The foundation of B.C.’s child protection system is articulated in The Child Family and Community Services Act . It was approved in 1996 and it contains the values for child welfare as the Legislature expects it to be practiced. In 1996 this Act held enormous promise that the service provided would support families to care for their children within the family home. Physical apprehension of a child would be used only as a last resort and in the event that temporary placement was deemed necessary. Even in such a case the stated goal was always to reunify children with natural parents as quickly as possible. The CFCSA tacitly stated that removing a child from the parental home is a severe intervention. I join the crowd of serious reviewers who have concluded that the current child protection practices are violating the law established within the principles of the CFCSA. I'm not writing simply to rag on a Ministry or upon people but rather to represent the rationale for necessary changes and improvements to B.C.’s Child Protection programming and delivery.
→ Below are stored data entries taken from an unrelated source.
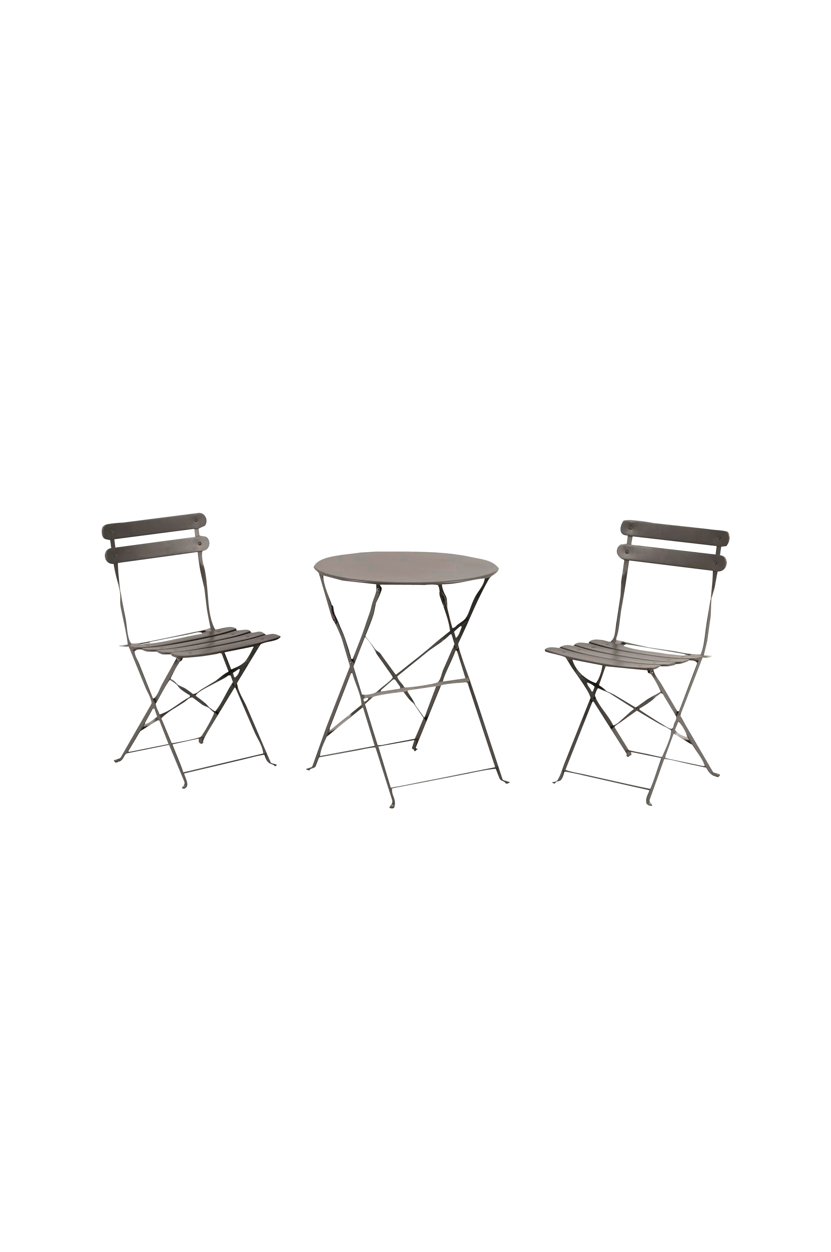 Mindre steder, som balkongen, ser innbydende ut med dette metallbordet og de to stolene. De er også rustbestandige og fellbare for å ikke ta opp plass når de ikke er i bruk. Mål: bord diameter 60 cm, høyde 71 cm. Stol bredde 42 cm, dybde 48 cm, høyde 82 cm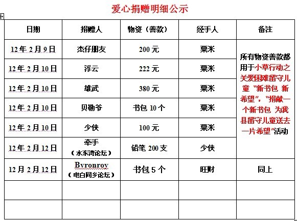 爱心捐赠明细公示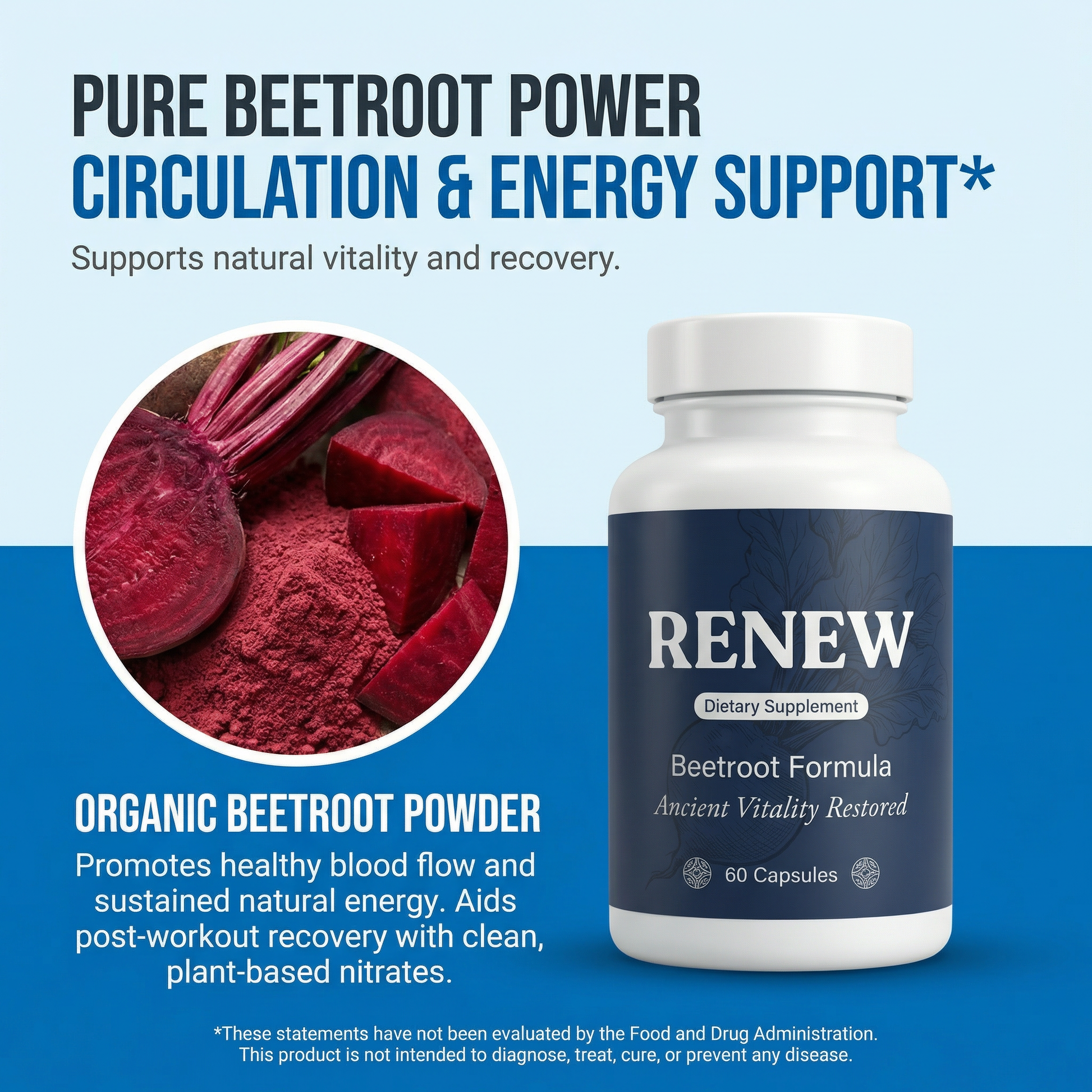 Renew Beet Root is a circulatory support formula designed to help support healthy blood flow.

When evaluating this Ministry, assessors are obliged to hear service providers, social workers, and lawyers representing parents in child protection cases. Wisdom dictates that another group needs to be heard and that is the parents whose children have been or are involved in the protection system. They have too often been ignored or silenced yet they have experiences, opinions and insights that can inform conscientious appraisers in ways that will make a difference. MCFD cannot in good faith say that it acts in the best interest of children until its management pays unbiased attention to parents.

The 'Child, Family and Community Services Act' Link

It concerns me that I have said nothing here that has not been said before by authorized probes and legal society reports. Ms. McNeil must restore MCFD practice of the fundamental principles of the ACT.

Art: 'Broken Dreams' by Murray Unruh, acrylic and glass, 36X49 inches

1 comment:

  1. "Crisis mode" is MCFD's business model. This has carefully evolved and refined since the 70's.

    You must have not personally had your own children removed, and/or have not reviewed the extensive documentation that exists for a family who has been selected for such intervention.

    If you looked at some of MCFD's analytics, you know this agency is not operated by overworked uninformed dummy's. They might give that appearance, but that is by design.

    The due diligence and preparation that occurs prior to a removal is mind boggling. You look at ANY file record of a family to confirm that in no way shape or form does a typical removal spontaneously happen because of a life-threatening event. Their so-called documentation on a single call involves 10-times the effort of an equivalent police call. This is because they have the time, and get so few of these calls Province-wide.

    If such crisis does occur, it gets released to the media, so we can hear all about how instantly MCFD responds to such 'crisis' events.

    If you want to look at where the phrase "go postal" originated and what happened to that mentality, look no further than child protection staff.

    If a social worker has a bad day, they can take it out on a helpless family so someone can be more miserable than them.

    MCFD needs to properly employ risk management: Risk / Issue / Problem. How they actually employ risk management brings them many dollars in Provincial budget funds.

    RISK is knowledge of something that could happen, say a family that might need help or trouble will results. Another example is an egg spinning on a table, the known risk is it may fall off and break.

    The ISSUE is, there is an observation of an increase liklihood that a known risk will occur. A plan must be put into place to reduce the risk. MCFD does "risk assessments" and constructs them in a way to show the only way to alleviate that risk is to give "services" to families. Another way to reduce risk is to remove children. In the case of an egg, placing pillows around the desk or a barrier to keep the egg from falling over the edge manages the risk.

    The PROBLEM is when the egg drops and breaks. MCFD loves problems. The know the risk, they identify some hapless family and accumulate 'issues' and they wait for the inevitable 'problem' which leads to removal.

    So you see, MCFD deliberately cultivates the decline of families so they can later jump in and portray themselves as saving the day by removing children.

    The RISK to the children of removal is poor school outcomes, diminished self esteem, bonding interruption with siblings and parents, a future problem to society. MCFD will have you believe such problems already existed, NOT that their intervention is the SOURCE of problems.

    You need experts OUTSIDE of MCFD who understand the risk model and how to properly implement it to shadow MCFD workers and make sure they do their job correctly WITHOUT removing children from their home.